Cito isso para lembrar que o bom senso pode nos trair. Uma relação entre causa e efeito que parece natural, nem sempre procede. Recorro ao tema para descrever outro contexto, onde isso nos leva a caminhos igualmente enganosos: o sexo e seus traumatismos. Essas últimas semanas, muitas pessoas têm se pronunciado, com medo de que representações alusivas ao sexo possam desencaminhar alguém.
Meu trabalho é com pessoas que sofrem e entre elas, algumas padecem dos efeitos de abusos sexuais. Outras procuram tratamento por terem alguma desavença com seus desejos eróticos. Ou seja, o sexo, as identidades de gênero e seus desdobramentos são meu tema, como também da comunidade psi. Nosso cotidiano é escutar como o sexo se encaixa na vida de cada um.
Quando temos intimidade com uma história, podemos supor o que causou certo destino e quando algo foi abusivo ou traumático. Nunca topamos com um trauma proveniente de uma representação, mas sim de uma experiência. Tampouco encontramos traumas oriundos de algo visto em um cinema, na TV, em um livro, uma obra de arte. O que determina, machuca, fere são sempre outras pessoas em experiências concretas.
Não é a visão de um órgão sexual no papel ou em uma escultura que traumatiza; já o mesmo órgão mostrado por um exibicionista, com sua aparição intempestiva e agressiva, deixa marcas. O mesmo vale para um abusador: ele se constituiu a partir de traumas reais, não se tornou assim por sugestão alheia.

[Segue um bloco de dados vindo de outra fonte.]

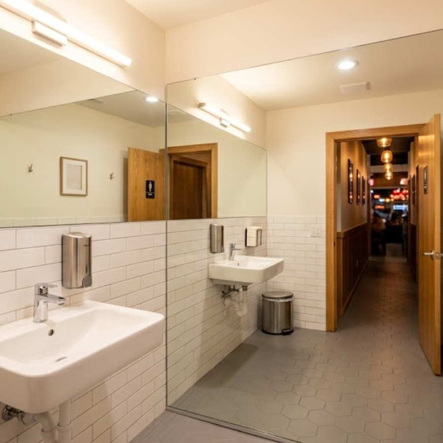 Nhà vệ sinh quán ăn bình dân thường có diện tích hẹp và tối tăm, tạo cảm giác ngột ngạt. Lời khuyên là hãy vứt bỏ những bóng đèn huỳnh quang cũ kỹ, ánh sáng yếu. Thay vào đó, hãy trang bị bóng đèn LED ánh sáng trắng hoặc vàng ấm với công suất cao. Ánh sáng mạnh giúp mọi thứ trông rạng rỡ và sạch sẽ hơn. Kế đến, hãy lắp một chiếc gương lớn hơn so với kích thước cũ. Gương không chỉ phục vụ nhu cầu chỉnh trang của thực khách mà còn tạo ảo giác quang học, nhân đôi diện tích không gian và phản xạ ánh sáng, khiến một phòng vệ sinh nhỏ bé trở nên thoáng đãng hơn bội phần.

A violência não se instala por brincar com ela e sim pelo convívio com pais brutais, colegas agressivos ou um cotidiano violento. O mesmo se dá com o que traumatiza no sexo, depende das pessoas ao redor da vítima e de como o fato foi discursado. Se algo fere a sensibilidade adulta de alguns, não quer dizer que cause danos aos mais jovens. Como diria o Veríssimo, temos o "sexo na cabeça", todos nós, por isso ficamos sempre nervosos a seu respeito.